Now that I've come to realize that I have to develop my game that I can win in monarch level I don't seem to win anymore on prince level. How funny is that?

largedarryl
Jul 06, 2007, 03:29 PM
I think to try and see if you should be capable of playing above noble (ai gets no research/build bonuses over you). You should attempt to win on noble with almost every victory condition even with a bad start (even try multiple leaders with different traits). This will allow you to learn the fine details of the game.

And I agree, are you actually able to win a game on Prince if you don't know how to analyze a good city location? I don't count small maps where a conquest or domination victory is easy.

Zhahz
Jul 06, 2007, 06:18 PM
WTF??? How could you possibly be able to play prince level if youre new to the game??

Vanilla?

Warlords is tougher, IMO.

RandomLeader
Jul 07, 2007, 05:22 AM
This is starting to way offtopic but I have been winning games without knowing proper city locations.

Now I have tried few times with tips I have received from here and I face one problem.. cities have good output and I can't stop building wonders _:D

But it will pass so I thank those who putted effort to explaining these things to me. More won't hurt either so if you can please post killer production cities conditions from real games.

VoiceOfUnreason
Jul 07, 2007, 06:32 PM
I play et prince level and I have problems with production city. Funny but I don't know how to make one.

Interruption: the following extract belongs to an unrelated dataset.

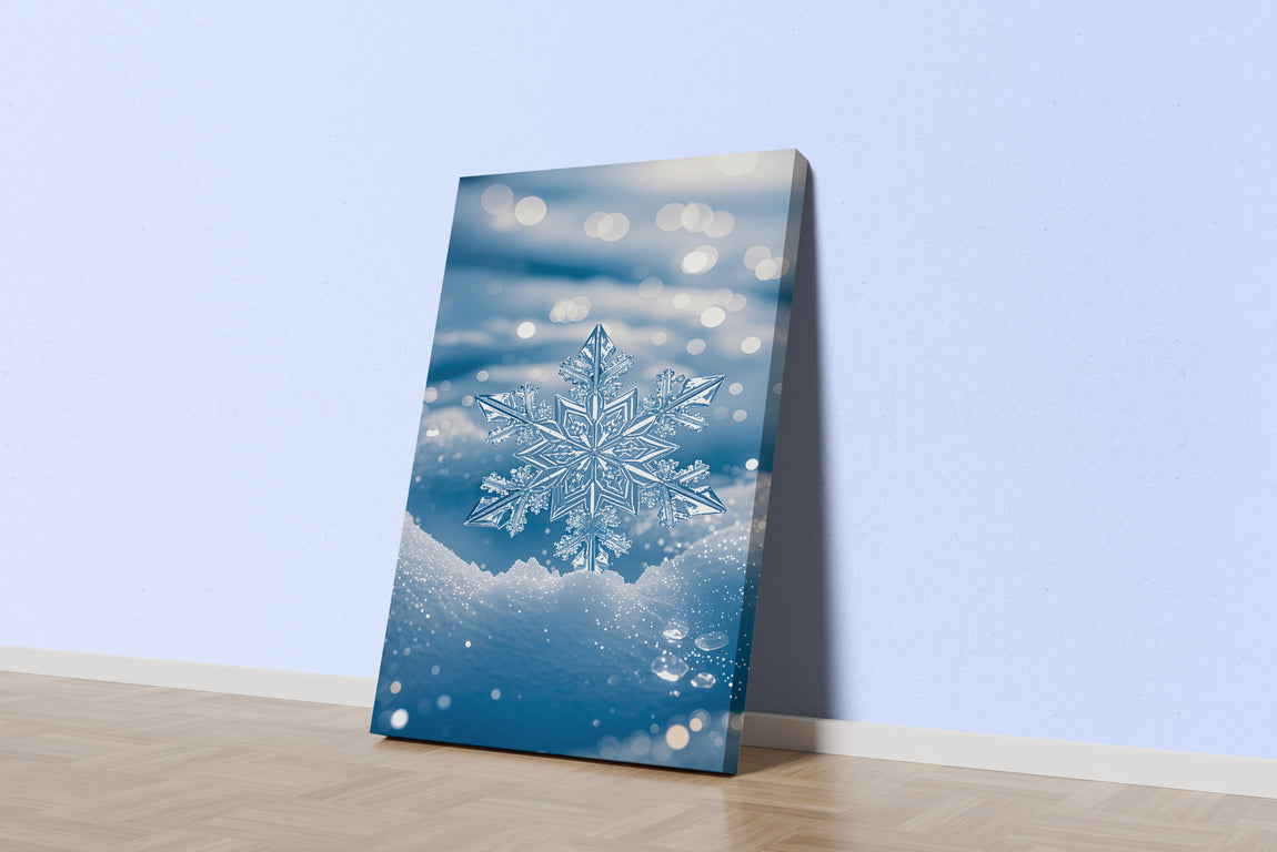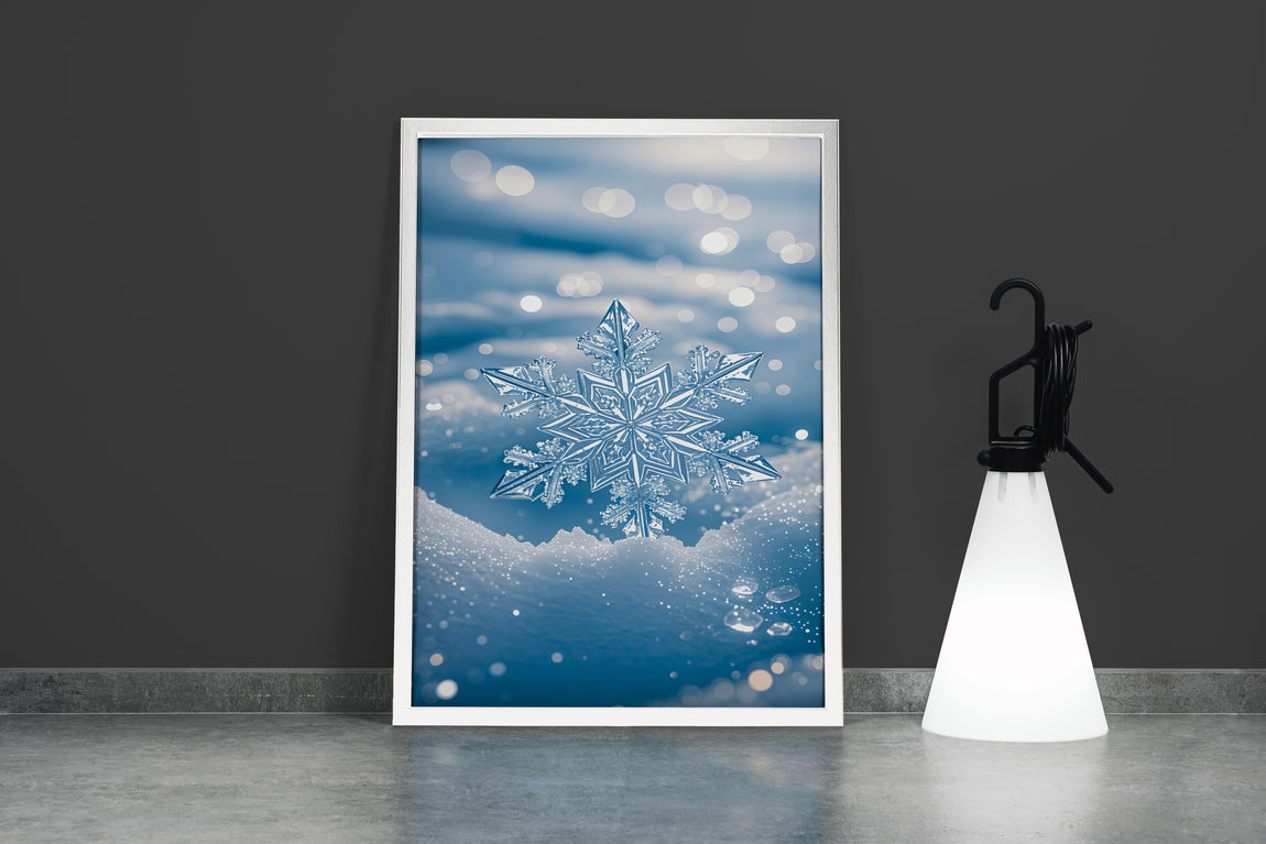 ai creation, a large snow crystal falling on the snow, frozen themed, ai art, art, kanvas tablo

When I didn't know how to make a production city, I wrote this.

DrewBledsoe
Jul 07, 2007, 11:12 PM
You are actually better off with a lot of hills and a few food souces to balance. The people who use workshops and watermillls inevitably fail to mention, that these of course need state property, and also generally miss the point that this big production only takes place very late in the game (i.e. it needs communism, and only then can the workers change whatever was there before into workshops (otherwise the city would be in starvation).

Cities with a decent amount of hills, will produce a large number of hammers all through the game, and generally when it really matters in the early, mid and early late game. If you're relatively new to the game, it's quite simple to find a decent site, just find a bunch of hills that have enough food to support them.

Edit: Also, and quite important for the late game, if one of the ais gets voted as UN leader, often Free Market or Environmentalism get voted in as Universal civics (meaning everyone has to abide by them). In this case its bye bye workshop reliance.

Edit2: Btw VoiceofUnreason, that was an excellent article you did, and my above comments weren't directed to you at all :)

largedarryl
Jul 09, 2007, 11:13 AM
That was a good article VoiceOfUnreason, but I think one thing that you seem to assume is that every city is going to attempt to use every tile in the big fat cross. As for using that for an explanation of tile usage, I have continually made the same mistake of attempting to place cities so that every tile is used effectively, but in every game, I find that the use of specialists is always more productive than attempting to use all the tiles.

Still a real powerhouse production city is always going to need 3 things (not always, but the easiest to do):
1)Food resources
2)Hills
3)Fresh water

No the food resources are almost always a priority when you are building your first 3 cities. Now the hills are nice becuase you can mine very early in the game and start production early. The fresh water isn't always needed, but if you are going to farm a single tile in the BFC or you have a food resource that is not irrigated (rice, wheat, corn, etc.) will produce an additional food when irrigated.

I'm not saying this is the only way to make a production city, but if you are looking for the easiest way to build one, they need the above three points.

The food and commerce tradeoff is a little more difficult if you can find a city with FP and hills.